Весь ряд окон на втором этаже освещен, в окне Нины Васильевны тоже свет... В котором часу идет поезд на Таллин? Да нет, она, кажется, сказала, что едет утром...

Сколько минут можно стоять и смотреть на чужое окно? Ничего, прохожих мало, никто не обращает внимания.

Холод подступает к сердцу, поднимаясь откуда-то снизу, из ада. Холод имеет имя, скверное, пошлое имя, и заставляет стоять здесь, не отводя глаз от чужого окна.

Сильвия сделала усилие отвернуться, но шея не двигалась — и в это время в окне погас свет. Раз, два, три, четыре... да, это ее окно... Домой, домой, хватит этой муки!

Стыдно? Некогда думать, после, после... Домой тоже после, а сейчас сумасшедший чертежник начертил другой план. Отсюда недалеко до тихой улочки, до той, где никнут за заборами побитые морозом георгины...

Вот и его дом. Да, это здесь, над номером горит лампочка. Забор, деревянная калитка... А в окнах темно.

Сильвия в изнеможении прислонилась к калитке. Неужели ей не совладать с собой, не уйти отсюда?..

Внезапно до нее донесся голос — справа, совсем с другой стороны. Значит, он идет не от Нины Васильевны? Или она ошибается?.. Нет, это его голос, и еще мужские голоса. Кажется, студенты... Куда деваться? Сильвия нажала на калитку, она открылась бесшумно. Свет лампочки до кустов не доходит...

— Вот здесь я и живу, до свиданья...

Кто-то ответил... Прощаются.

Звенят ключи, напевает вполголоса... Ах, почему люди не могут проваливаться сквозь землю!..

Гатеев закрыл за собой калитку, еще позвенел ключами. Звон вдруг прекратился. Заметил?.. Еще шаг...

— Вы?.. — изумленно спросил он, вглядываясь.

Да, да — безумие, поцелуй, нежданное счастье, и все же успела мелькнуть мысль: ей подали милостыню у ворот...


26


У пятикурсников началась педагогическая практика. Как и в прошлом году, приходилось ежедневно писать конспекты в виде кошмарных диалогов между придурковатым учителем и таким же учеником, однако без них на уроке было бы еще страшнее, это понимал каждый. Боялись, конечно, не старого Саармана, а учеников: как войти, как выстоять под огнем любопытных, озорных, лукавых взглядов, как унять шалунов, каким голосом спрашивать, как бы самому не влипнуть с вопросами, куда деть руки — на уроках их больше, чем две...

В четверг Фаина проснулась затемно, потому что сквозь сон пробилась беспокойная мысль: сегодня надо давать урок.

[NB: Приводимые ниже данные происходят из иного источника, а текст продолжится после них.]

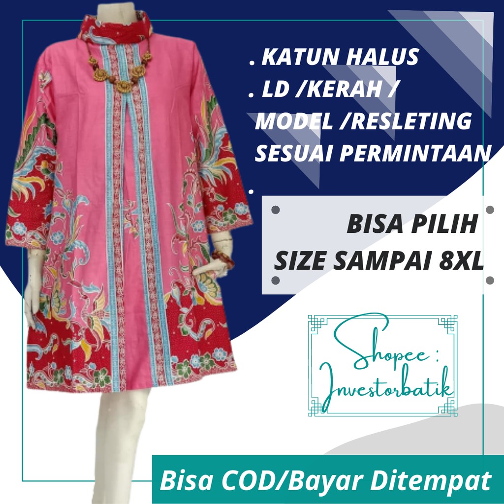 Name: Atasan Batik Tunik Dress Kerja Wanita Modern Lengan Panjang Katun Berkwalitas Size Ukuran Jumbo

Открыв глаза, она немножко погадала, кто у нее будет на уроке, кроме старого Саармана, и, подсунув ладонь под подушку, нечаянно заснула опять. Снилось ей, что звонил будильник, что Ксения ушла без нее, что урок начался, а в конспекте перепутались страницы и она городит вздор… Снилось еще, что Кая тихонько плачет.

Очнувшись наконец и взглянув на стрелки будильника, Фаина перепугалась — так было поздно. Не идти на первый урок? Юру Поспелова, конечно, можно бы и не слушать, и Саарман не заметит отсутствия, но Сильвия Александровна способна сделать выговор при всех. Вчера и Алексей Павлович был в школе...

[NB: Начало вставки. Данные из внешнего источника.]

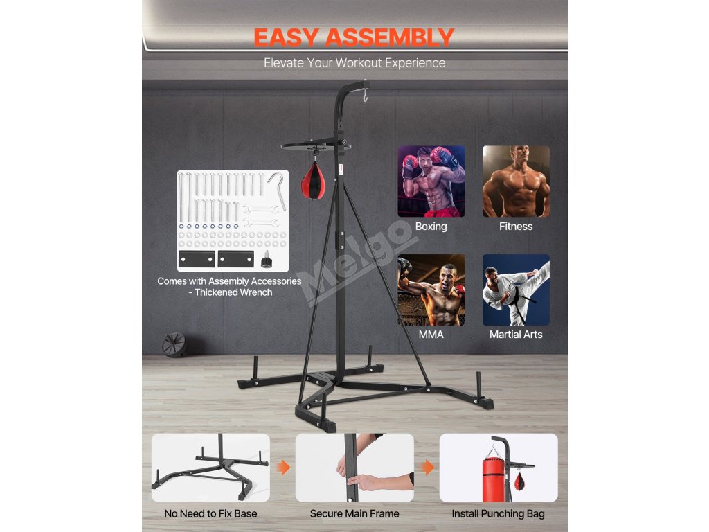 Stojan na pytle s pískem není nutné připevňovat k podlaze, stačí upevnit hlavní rám a nainstalovat boxovací pytel. S naším návodem lze stojan sestavit během několika minut. Montážní nářadí je součástí balení a i samostatnou instalaci ženami lze provést rychle.

А Ксения в самом деле ушла без нее, это не снилось. Может быть, и про Каю не снилось, но сейчас некогда о ней думать, некогда...

В школьный коридор Фаина влетела, запыхавшись, и только на втором этаже замедлила шаг, увидев, что перед ней без всякой спешки продвигаются педагогические тузы: высокая старуха в огромных очках, перепачканный мелом Саарман, молодая учительница в платье мутно-чернильного цвета... Ох, педагогика в общих чертах все-таки наводит ужас!

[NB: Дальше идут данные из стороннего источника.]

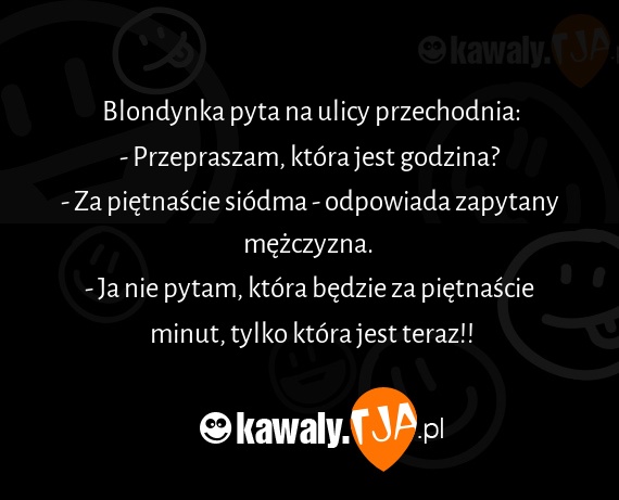 Blondynka pyta na ulicy przechodnia: - Przepraszam, która jest godzina? - Za piętnaście siódma - odpowiada zapytany mężczyzna. - Ja nie pytam, która będzie za piętnaście minut, tylko która jest teraz!!

У закрытых дверей седьмого класса кучкой стояли практиканты. Сильвия Александровна посмотрела на Фаину укоризненно, но ничего не сказала: уже подходили тузы.

В классе Фаина села рядом с Ксенией на последнюю скамью, а Юрий, бедняга, пошел к доске. Ученики вынимали тетради и ручки, шептались, оглядывались. Юрий молча писал на доске крупными кривыми буквами: «Деепричастие».

Фаина, думая о своем уроке, посматривала на дверь — Алексей Павлович мог еще прийти. Лучше бы не приходил, при нем она провалится с треском. Ведь пятый же класс — на переменках кровь льется! Разве она их угомонит!..

Юрий кончил писать, обернулся к столу. Однако! Сильный характер у Сильвии Александровны — заставила причесаться, застегнуть рубашку, и даже нечто вроде галстука повязано. Но что же он молчит?..

— Где журнал? Дежурный!

Журнал появился на столе.

— Прекратить движение! — бодрым басом скомандовал Юрий. Учительница в чернильном платье слегка вздрогнула, класс затих. — Откройте тетради! Будем проверять упражнение. Ильвес, читай!

Бело-румяный, с короткой верхней губой, Ильвес оглянулся на учительницу с немым вопросом: читать, что ли?.. Потом вздохнул и прочитал, не выговаривая шипящих:

— Девочка молча шла по зеленой лужайке...

Юрий, почесав за ухом, вызвал Ильвеса к доске. На доске тоже получилось шепеляво, все через эс, и на этом оба застряли — и учитель и ученик. Минута бежала за минутой, а они все шипели и жужжали вдвоем, не обращая ни на кого внимания. И вдруг оба обрадовались: Ильвес зашипел и зажужжал самостоятельно. Юрий похлопал его по затылку, заулыбался, и ученик тоже расплылся в улыбке, показывая верхние зубы до самых десен. После этого фокуса перешли к деепричастиям, и урок двинулся дальше. Хмурые лица преподавателей прояснились.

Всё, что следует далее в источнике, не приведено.